Flyte: A Deep Dive into Lyft’s Kubernetes-Native Workflow Orchestrator
Introduction
Flyte doesn’t get the attention Airflow does. But teams at Lyft, Spotify, and Fidelity rely on it to run thousands of workflows daily.
Lyft built Flyte to solve a specific problem. Their data scientists and ML engineers were struggling to move from notebooks to production. Code that worked locally broke in production. Experiments weren’t reproducible. Versioning was a mess.
Flyte fixed this. It makes workflows reproducible by default. Type safety catches errors before runtime. The same code runs locally and in production without changes.
This guide explains what Flyte is, how it works, and whether it fits your needs. You’ll learn the core concepts, see practical examples, and understand the trade-offs.
What Makes Flyte Different
Most orchestrators focus on scheduling tasks. Flyte focuses on reproducibility and type safety.

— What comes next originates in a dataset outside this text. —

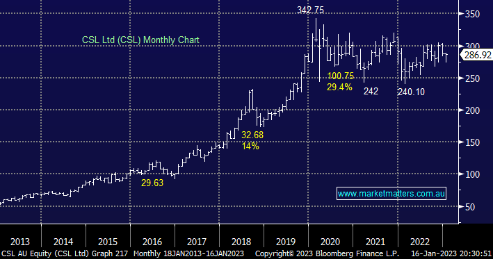 CSL is now the local market’s 3rd largest company with a market cap of $138bn, Australia’s most successful biotech/healthcare stock remains well below its 2020 high very much in line with the majority of the growth sector following the recent rally by the global bond yields. The company has done nothing wrong but international equities have seen a revaluation of the growth names due to the mentioned rising bond yields.

Reproducibility is built into the core. Every workflow execution captures its complete context. Inputs, outputs, code version, container image, resource configuration. You can rerun any workflow from six months ago and get identical results.
Type safety prevents runtime errors. Flyte uses Python type hints to validate data flowing between tasks. Pass the wrong type and Flyte catches it before execution starts. This seems minor until you’ve debugged a workflow that failed after running for three hours.
Kubernetes-native architecture means Flyte scales naturally. Each task runs in its own container with specified resources. No shared state between tasks. No resource conflicts.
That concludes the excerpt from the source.